> [COLLECTED DATA]:
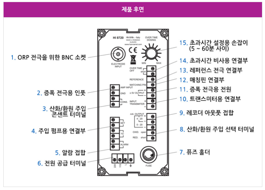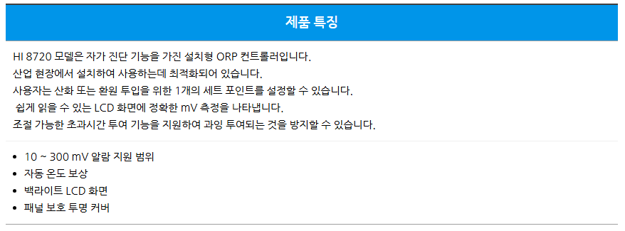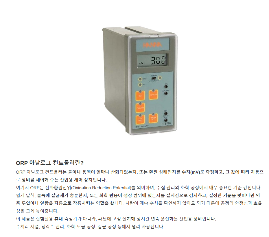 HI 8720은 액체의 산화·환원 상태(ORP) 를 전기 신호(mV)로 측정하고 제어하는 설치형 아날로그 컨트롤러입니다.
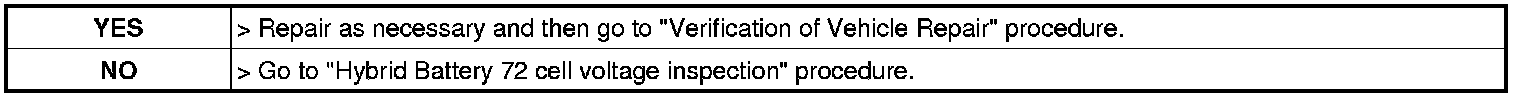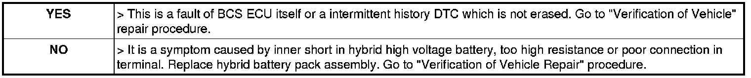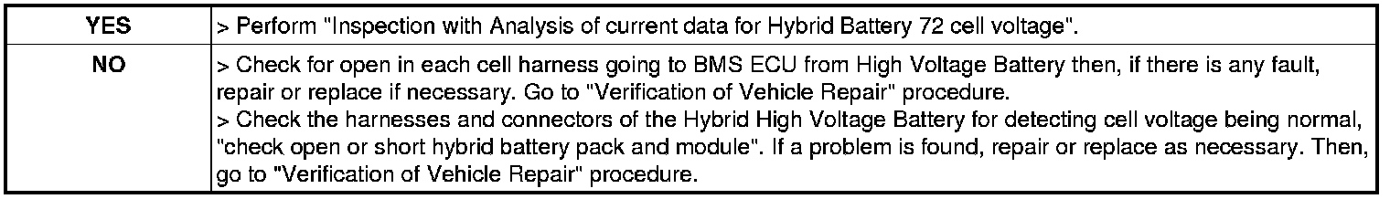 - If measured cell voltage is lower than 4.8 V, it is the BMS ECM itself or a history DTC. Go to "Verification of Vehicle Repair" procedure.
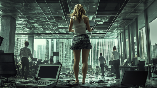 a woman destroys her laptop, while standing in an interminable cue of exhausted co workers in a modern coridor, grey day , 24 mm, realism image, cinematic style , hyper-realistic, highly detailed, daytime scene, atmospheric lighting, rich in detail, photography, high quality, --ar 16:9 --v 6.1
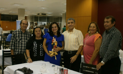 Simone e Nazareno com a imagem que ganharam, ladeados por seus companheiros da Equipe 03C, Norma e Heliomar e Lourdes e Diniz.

> [TASK TO CARRY OUT]:
Only exact repeats of the lines from the one containing "a woman destroys" through the end of the listing above are wanted here; pictures are not.

> [ANSWER FOR THE TASK]:
 a woman destroys her laptop, while standing in an interminable cue of exhausted co workers in a modern coridor, grey day , 24 mm, realism image, cinematic style , hyper-realistic, highly detailed, daytime scene, atmospheric lighting, rich in detail, photography, high quality, --ar 16:9 --v 6.1
 Simone e Nazareno com a imagem que ganharam, ladeados por seus companheiros da Equipe 03C, Norma e Heliomar e Lourdes e Diniz.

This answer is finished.